> [EXERCISE]: Could you write out, exactly as they stand, only the lines in the listing below from the line with "Tirolo ec. |" to the line with "CROCHET OPEN KNIT", both ends included, without the pictures?

> [SOURCE MATERIAL]:
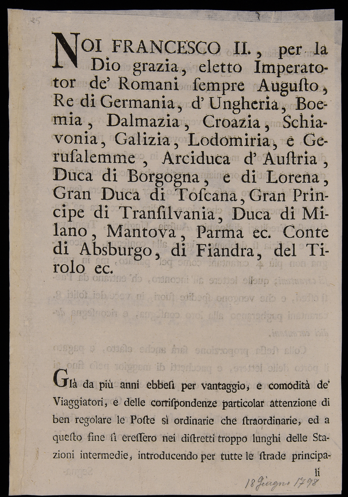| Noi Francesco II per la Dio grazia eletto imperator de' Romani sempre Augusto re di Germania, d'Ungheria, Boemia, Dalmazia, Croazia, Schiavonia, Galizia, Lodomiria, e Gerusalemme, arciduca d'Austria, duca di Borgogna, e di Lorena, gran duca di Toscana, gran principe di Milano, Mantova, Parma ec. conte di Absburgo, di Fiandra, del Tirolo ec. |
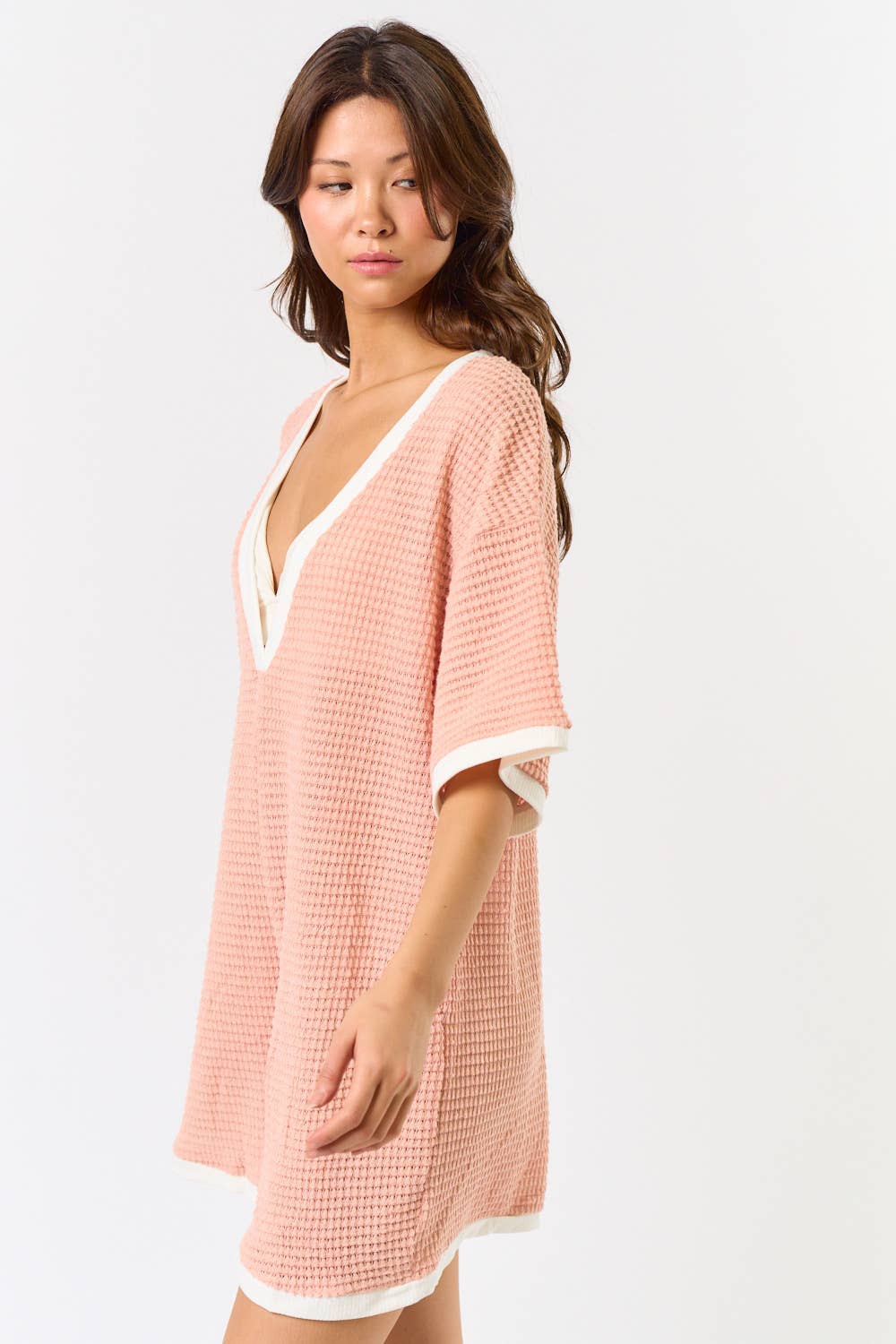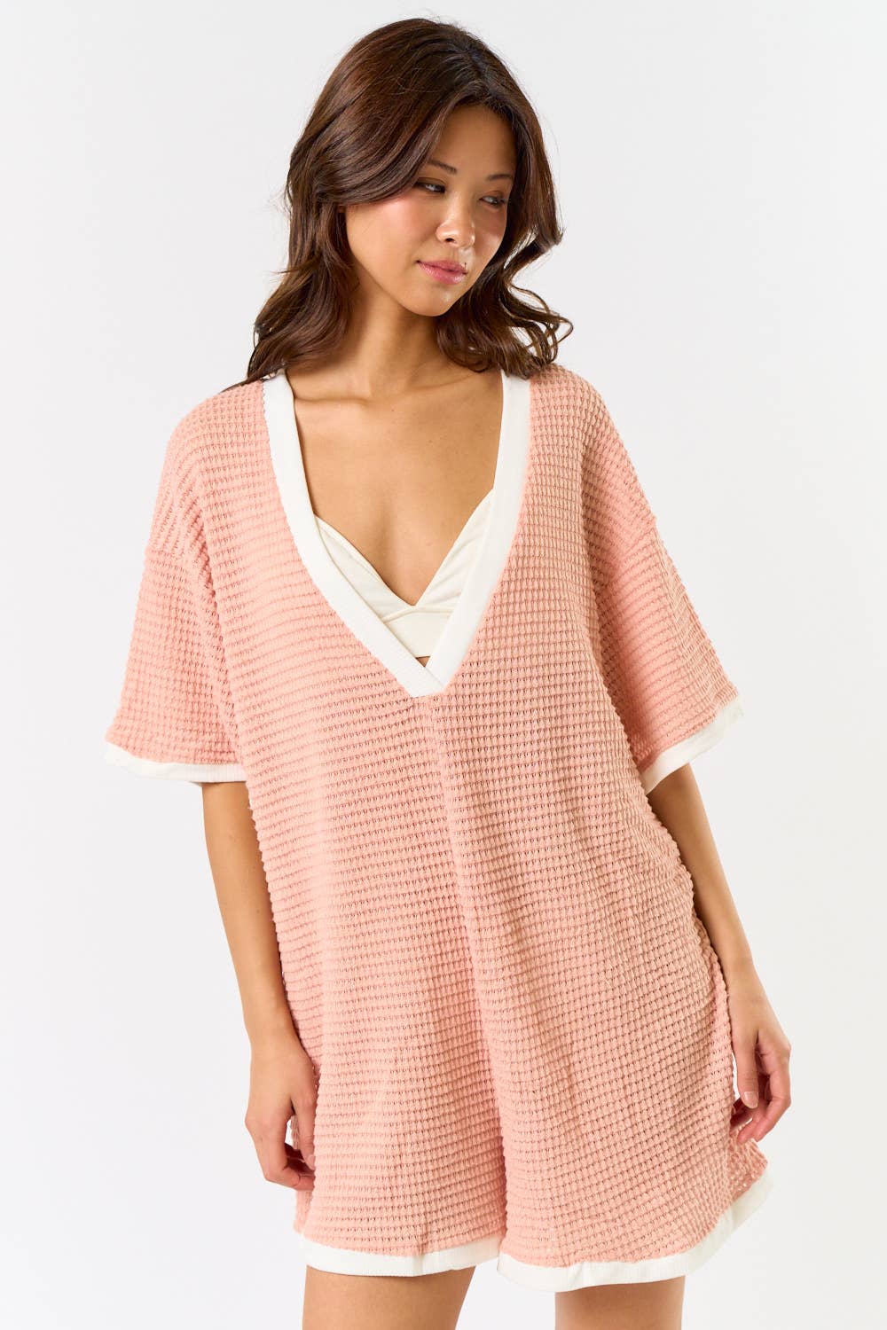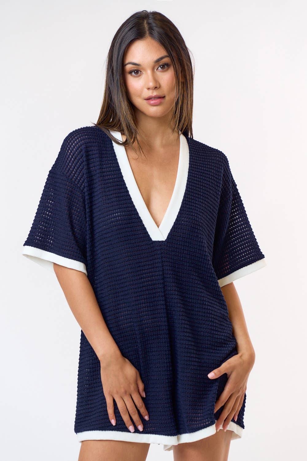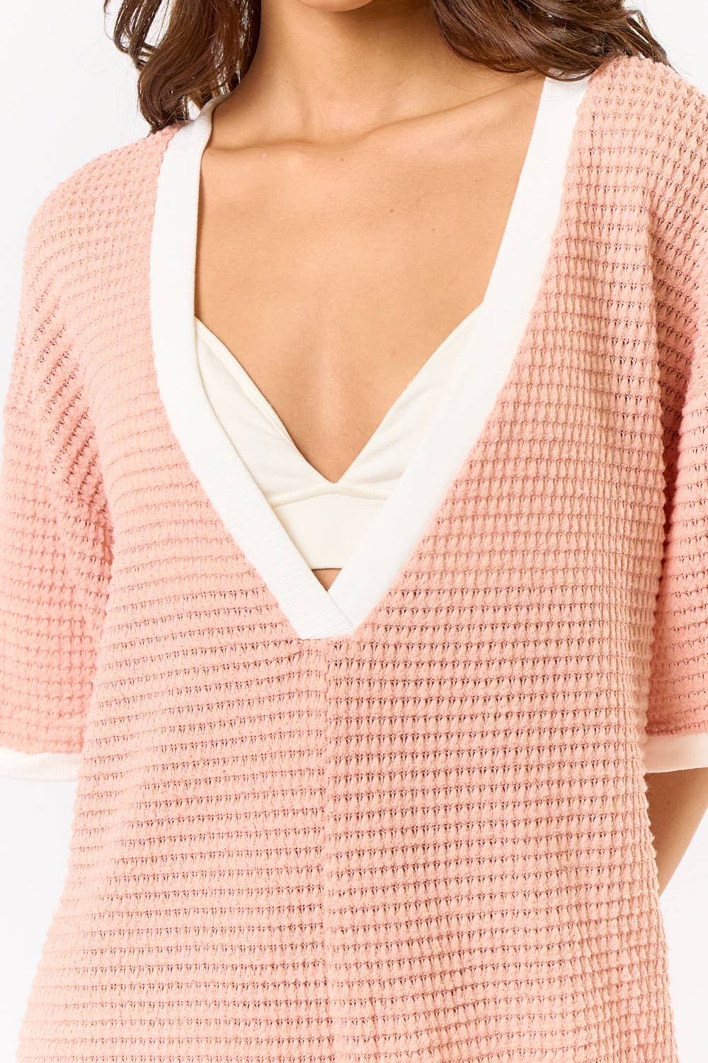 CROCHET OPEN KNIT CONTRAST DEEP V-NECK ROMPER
==
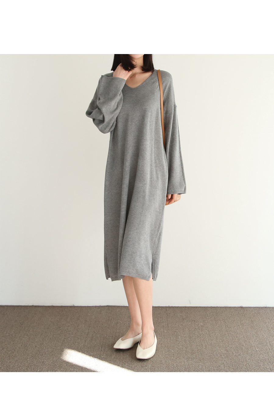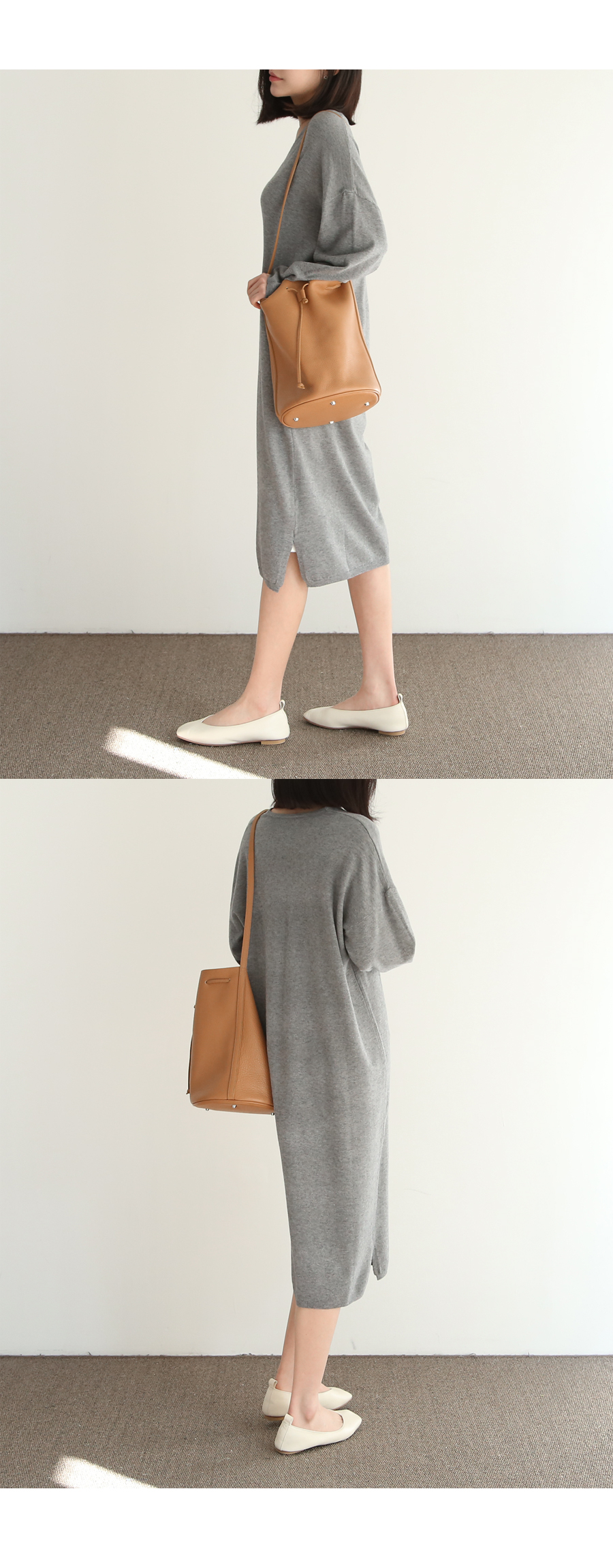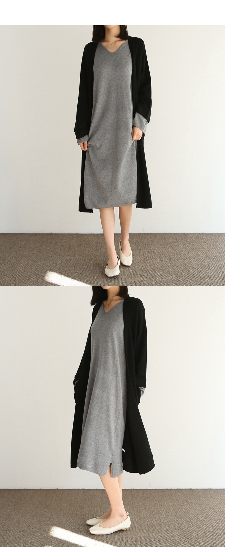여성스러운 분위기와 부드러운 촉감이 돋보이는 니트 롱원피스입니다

> [ANSWER SPACE]:
| Noi Francesco II per la Dio grazia eletto imperator de' Romani sempre Augusto re di Germania, d'Ungheria, Boemia, Dalmazia, Croazia, Schiavonia, Galizia, Lodomiria, e Gerusalemme, arciduca d'Austria, duca di Borgogna, e di Lorena, gran duca di Toscana, gran principe di Milano, Mantova, Parma ec. conte di Absburgo, di Fiandra, del Tirolo ec. |
 CROCHET OPEN KNIT CONTRAST DEEP V-NECK ROMPER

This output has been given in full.